7.2 WORKING CONDITIONS: PERFORMANCE AFTER REDUCED AMOUNTS OF SLEEP (Project 15) (Wilkinson, Tilley, Ogilvie)
7.2.1 Objective definition of sleep onset
The point of onset of sleep is poorly defined physiologically; this is because efforts to do so have relied mainly on subjective evaluation of sleep onset. Ogilvie and Wilkinson (260) have sought to define this change behaviourally by playing faint 15-sec tones to subjects at irregular intervals as they fall asleep; reasonable cooperation in this was ensured by having them remain awake the previous night. Subjects pressed a button to end each tone as long as they were awake enough to do so. Lack of response was taken as a sign of sleep onset, whereupon the associated physiological changes were noted and the subject wakened for the next trial. Sleep onset was more gradual than expected, and was associated with i) an increase in the ratio of thoracic to abdominal respiration amplitude (259) and 11) the appearance of spindles in the EEG. A second experiment related subjective report and release of a 'dead mans hand' to these indices of sleep onset.

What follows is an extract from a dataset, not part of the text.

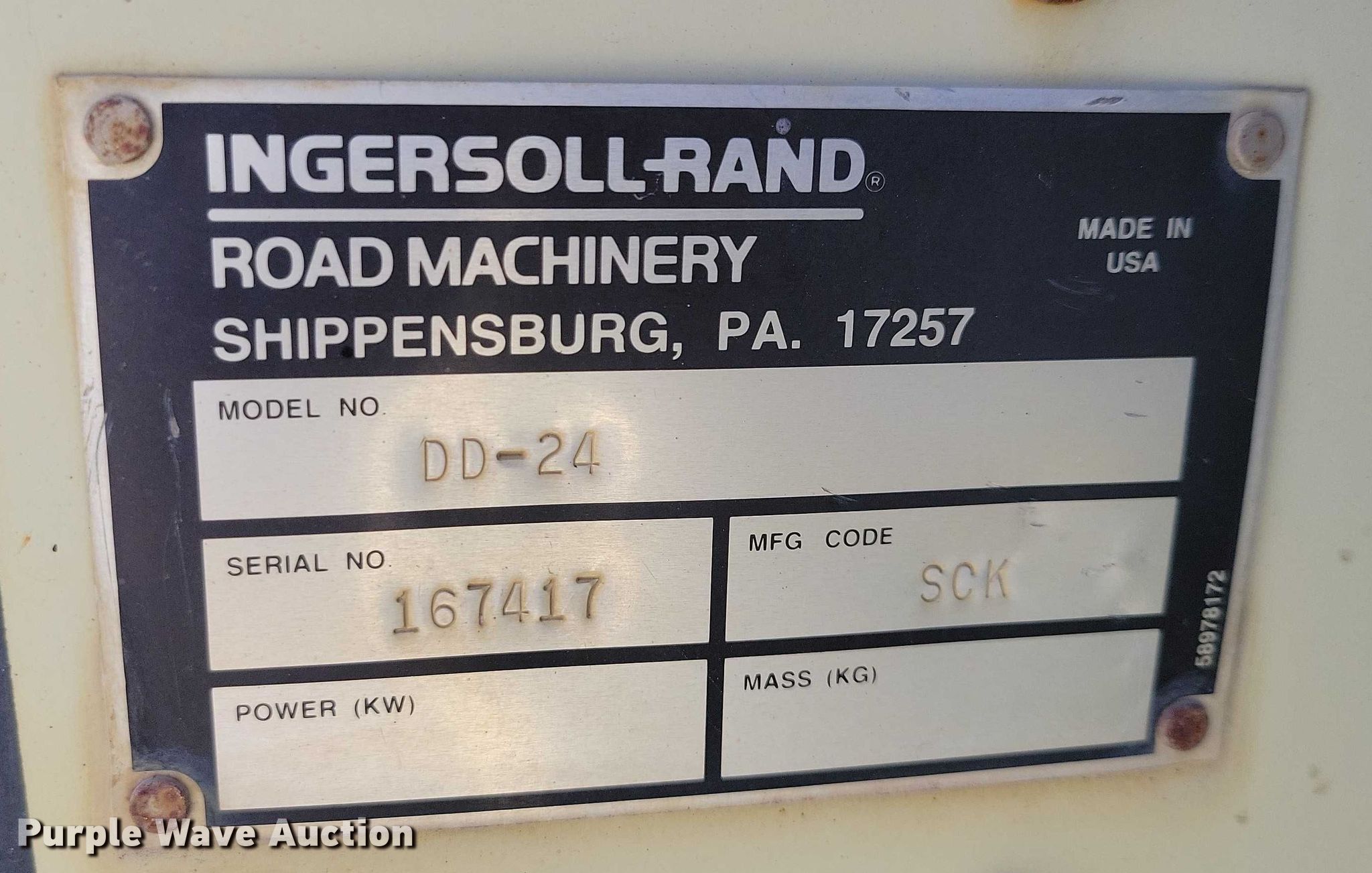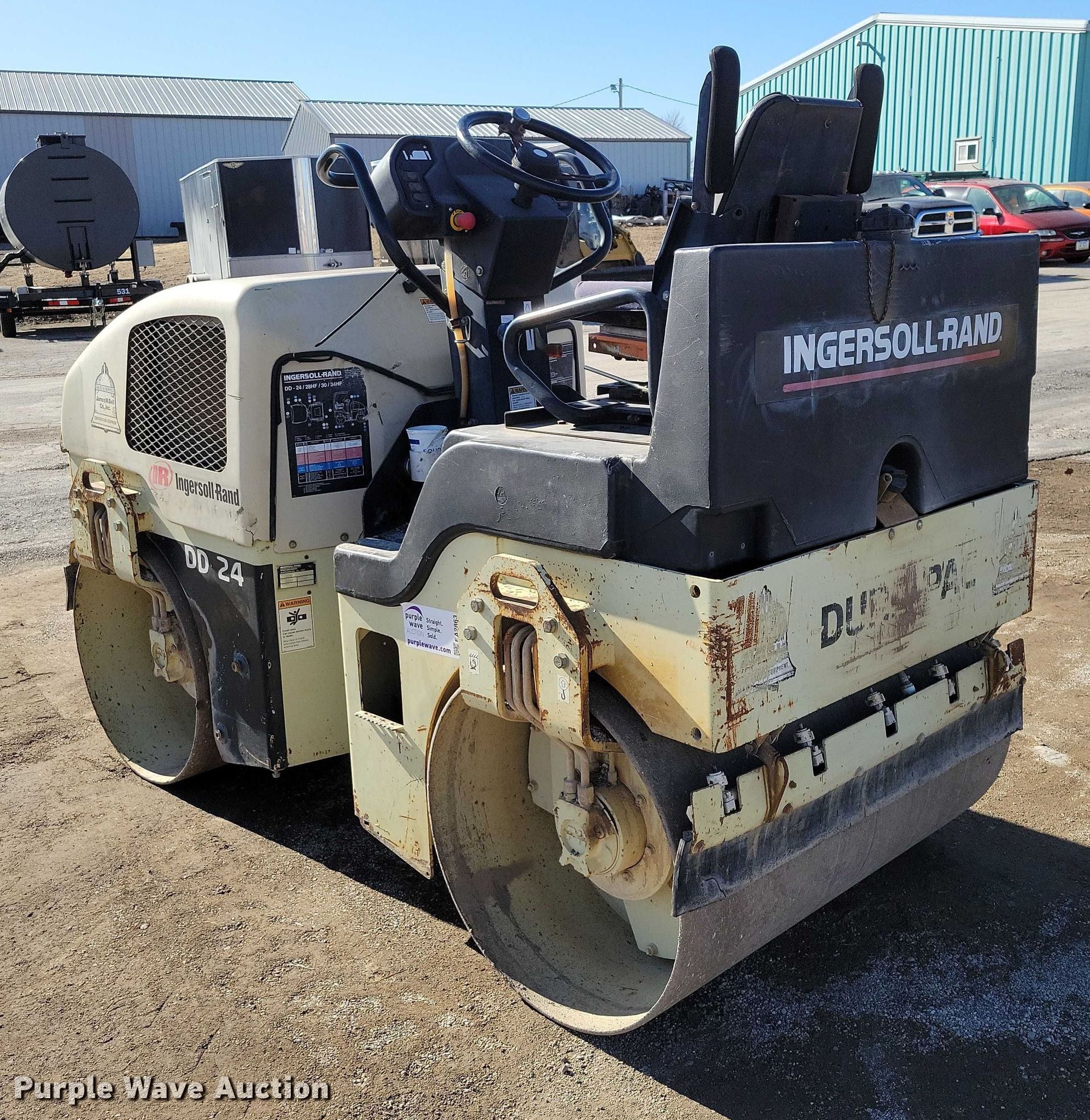 Purple Wave is selling a used Double Drum Roller Compactor in Iowa. This item is a 2001 Ingersoll Rand DD24 double drum vibratory roller with the following: Hours: 2,927 on meter, Serial: 167417

In a third study the tones were played throughout a night of sleep. Responses to them provided a clear behavioural picture of the degree and cyclic nature of wakefulness during sleep, with little memory of having responded to any tones by morning.
7.2.2 Quality or quantity of sleep
Tilley (328) restricted subjects to only 4 hours sleep a night, but varied the EEG content by allowing sleep either in the first (2300-0300 hr) or second (0300-0700 hr) half of the night. As expected there were more EEG slow waves (Stage 4] and 'rapid eye movements' (REM) when sleep was taken in the first half of the night. Nevertheless, performance the day after reduced sleep, though worse than normal, was the same whichever half of the night was slept. Thus the recuperative power of sleep in terms of performance appears to depend more on the amount of sleep than upon its composition in EEG terms.

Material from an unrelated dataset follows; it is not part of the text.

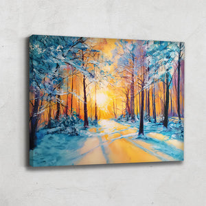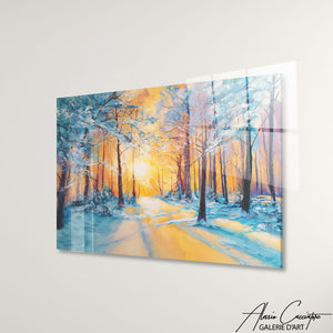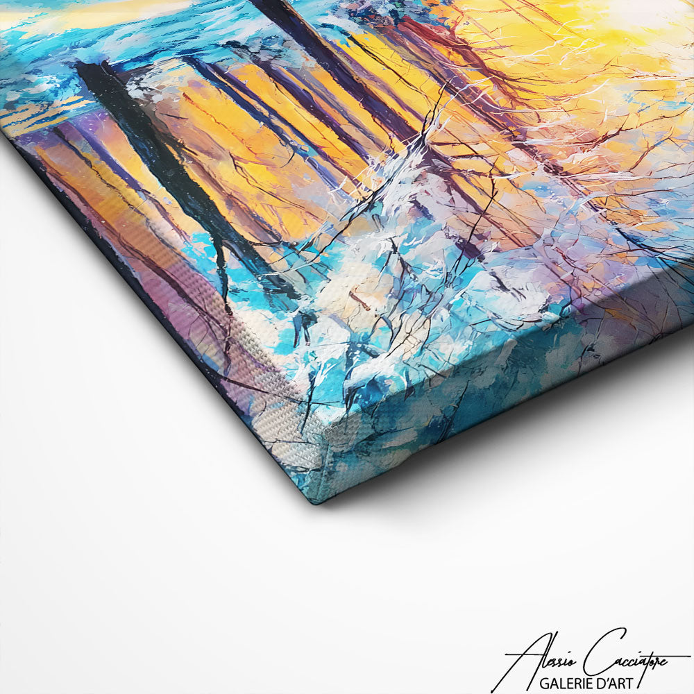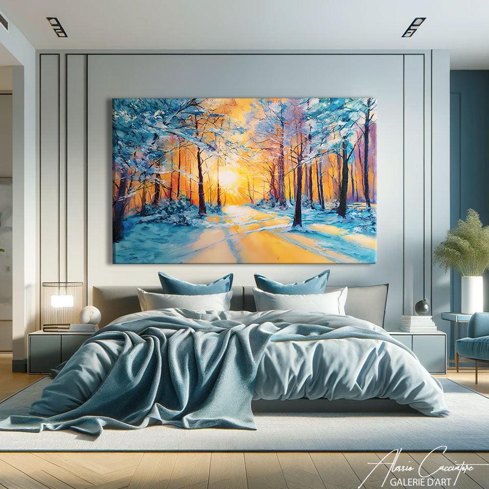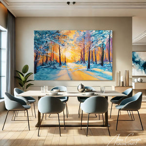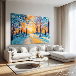 Notre tableau forêt enneigée présente un paysage blanc doré sous un ciel chaud. Élégante et lumineuse, elle évoque la beauté silencieuse de l’hiver. Une pièce idéale pour une déco moderne et raffinée.

7.2.3 Recovery from loss of sleep
When recovery sleep is allowed following sleep deprivation the amount of slow wave sleep is usually increased in relation to REM. Tilley (325) has shown that this still happens when only the last half of one night is lost, even though this procedure causes much greater loss of REM than of slow wave sleep. Puzzling.
7.3 WORKING CONDITIONS: EFFECT OF SINGLE OR COMBINED ENVIRONMENTAL STRESSES (Project 16) (Millar, Tilley, Wilkinson)
7.3.1 Side-effects of antihistamine drugs
Millar (234) has examined the effectiveness of an additive designed to reduce the drowsiness resulting from a well-known anti-motion-s1ckness pill. Drowsiness was assessed using portable performance tests described elsewhere. The additive was endorsed.
7.3.2 Recovery from anaesthesia
Wilkinson, in collaboration with a team from the Hammersmith Hospital (304), used the portable Choice Serial RT test to trace the time course over two postoperative days of the recovery of vigilance and attention following anaesthesia for minor surgery. Different anaesthetic agents were compared on this basis.
7.3.3 Retrieval from semantic long-term memory
Tilley examined retrieval in a setting which compared the speed with which words of differing familiarity (in -terms of frequency of use in the language) are categorised. Subjects are presented with a target (e.g. the word "apple") and a category (e.g. fruit) and press a 'yes' or 'no' button rapidly to say whether or not the target falls within the category. Familiar targets are categorised faster than less familiar ones, such as 'mango'. The research confirmed previous findings that the disadvantage of unfamiliar words Is increased when the test is carried out at a low point in the circadian arousal cycle, in this case 0300 (327), and made the further point that when arousal is low the strategy for identifying unfamiliar items as not belonging to the category is changed to one which economises in effort but at the expense of overall efficiency (326).
7.4 INDIVIDUAL DIFFERENCES IN RESPONSE TO STRESS; NOISE AND PERFORMANCE (Project 52) (Ryder, Wilkinson)
7.4.1 Noise and Performance
Research on noise effects on performance has generally produced equivocal results. Increments, decrements and no effect on performance in noise have all been reported. One hypothesis considered is that the range of findings could be due to a small group who are 'noise sensitive'. To test this a group of subjects were intensively studied on a battery of performance tests. Moderate level intermittent noise was used in a simulated office environment.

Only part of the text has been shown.